Perdoceo Education Corporation Signs Definitive Agreement to Acquire University of St. Augustine for Health Sciences
July 16 2024 - 10:03AM
Business Wire
Perdoceo Education Corporation (“Perdoceo” or the “Company”)
(NASDAQ: PRDO), a provider of postsecondary education, today
reported that it has signed a definitive agreement to acquire 100%
ownership of the University of St. Augustine for Health Sciences,
LLC (USAHS). The material terms of the transaction have been
described in the Company’s Current Report on Form 8-K filed with
the Securities and Exchange Commission today. Completion of the
acquisition is subject to customary closing conditions and
satisfactory regulatory approvals from the Accrediting Commission
for Senior Colleges and Universities of the Western Association of
Schools and Colleges (WASC), as well as other key regulatory
bodies, and receipt of a preacquisition review response from the US
Department of Education. The Company expects to complete the
acquisition in December 2024.
USAHS is one of the nation’s leading universities offering
graduate health sciences degrees, primarily in physical therapy,
occupational therapy, speech language therapy, nursing, as well as
continuing education programs. Founded in 1979, USAHS educates
students through its network of campuses in San Marcos, California;
St. Augustine and Miami, Florida; and Austin and Dallas, Texas; and
through its online programs. USAHS is accredited by the WASC.
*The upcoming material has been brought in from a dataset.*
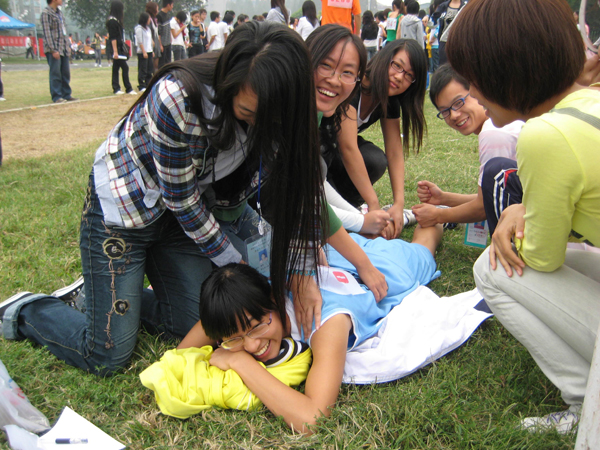 “来,快趴下,我帮你捶捶腿!”管理学部的罗晓丽同学跑完100米后,感觉腿上的肌肉都绷得很紧,腿也酸痛无力,她们班上的一群同学立马围上来,赶紧让她趴在草坪上,大家便都开始忙了起来,有的帮她捏肩膀,有的帮她捶腰,还有的帮她拍腿上的肌肉使腿上的肌肉恢复弹性。在“工作”的过程中,大家还不时地跟她说着玩笑话,尽量逗她开心,以调整她的情绪,大家忙了大约半个小时后,才让罗晓丽起来。据罗晓丽介绍,每次参加体育项目时,总能在终点看到同学们熟悉的身影和可爱的笑脸,感觉特别温馨,这也给了她拼搏的动力。“她为了班级的荣誉在运动场上挥洒着汗水,我们为这位班级的英雄做点事也是应该的。”正在帮罗晓丽捶腿的李同学笑着说。
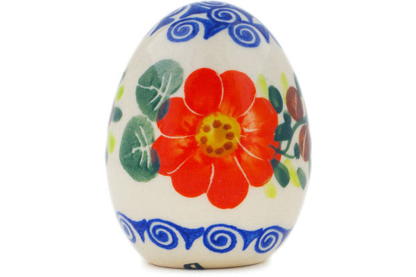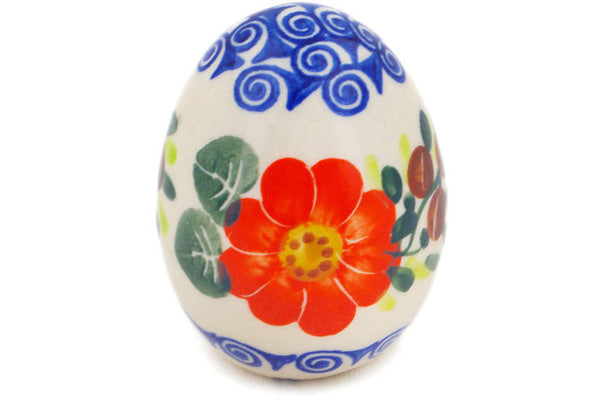 This Red Blossom 3" Egg Figurine was handmade and hand decorated in Boleslawiec, Poland by skilled artisans according to old traditional methods. This Polish stoneware is microwave, dishwasher, freezer, and oven safe up to 480°F. It does not contain lead or cadmium. It is part of the Red Blossom Collection.

Once completed, the Company expects that the acquisition will
support further growth and diversification of its academic program
offerings and will mark Perdoceo’s foray into health science
degrees in a meaningful way. With the current advances in
technology, including AI, the number of careers requiring a health
science degree has been growing and is expected to grow for the
foreseeable future. According to the U.S. Bureau of Labor
Statistics, jobs in the health sciences are expected to increase
13% by 2031, more than twice the average job growth rate across all
employment sectors.
The ownership transition is not expected to impact the current
academic programs of USAHS, and USAHS will remain fully committed
to serving and educating students and providing the same high
quality educational experience.
Commenting on the transaction, Todd Nelson, President and Chief
Executive Officer of Perdoceo, said, “I have been impressed with
the USAHS team for their hard work and dedication to serving and
educating students. USAHS has been recognized as one of the
nation’s leading graduate health sciences universities and I look
forward to having them join our organization. I believe Perdoceo’s
resources and capabilities will continue to support
transformational initiatives at USAHS that will focus on further
enhancing student experiences, while delivering sustainable and
responsible growth.”
Transaction Details
- Perdoceo expects to pay approximately $142 million to $144
million in cash at closing to acquire 100% ownership of USAHS. The
actual cash paid will depend on adjustments for cash, debt and
working capital based on the final closing balance sheet.
- Pursuant to the merger agreement, Perdoceo has purchased a
buyer-side representation and warranty insurance policy, which will
serve as the primary source of protection against certain risks
associated with representations and warranties made by the seller
and pre-closing tax liabilities. The representation and warranty
insurance policy is subject to customary conditions, exclusions and
deductibles and will survive for at least three years from the
closing.
- The boards of directors of both parties to the merger, the
USAHS board of directors, and the USAHS stockholders holding 100%
of the voting power over USAHS’ parent’s outstanding common stock,
each have unanimously approved the acquisition, and no other
stockholder or board approval is required to complete the
acquisition.
- The merger agreement may be terminated in certain specified,
limited circumstances. Upon such termination Perdoceo will be
required to pay the seller a termination fee of either $4 million,
$10 million or $20 million, depending on the circumstances.
- The acquisition is not subject to a financing condition.
Perdoceo plans to use cash on hand for the purchase.
- The acquisition is subject to regulatory clearances, including
receipt of required antitrust clearance and approval from WASC,
receipt of a preacquisition review response from the US Department
of Education, and other closing conditions specified in the merger
agreement. The transaction is expected to close in December
2024.
- For the year ended December 31, 2023, USAHS had revenues of
approximately $170 million, operating income of approximately $35
million and served approximately 4,500 graduate and post-graduate
students across multiple health sciences disciplines.
- Perdoceo expects the transaction to be accretive to the
Company’s adjusted operating income immediately beginning in 2025
and the transaction to provide further growth in adjusted operating
income in 2026.
- The acquisition of USAHS is consistent with Perdoceo’s balanced
capital allocation strategy of acquiring quality academic
institutions that are accretive acquisitions while also returning
capital to shareholders via dividends and share buybacks.
Affirming Outlook for Fiscal Year 2024
Perdoceo remains on track to achieve its full year adjusted
operating income outlook for $175 million to $190 million, as
provided in the Company’s previous quarterly earnings release,
subject to the assumptions and factors set forth therein.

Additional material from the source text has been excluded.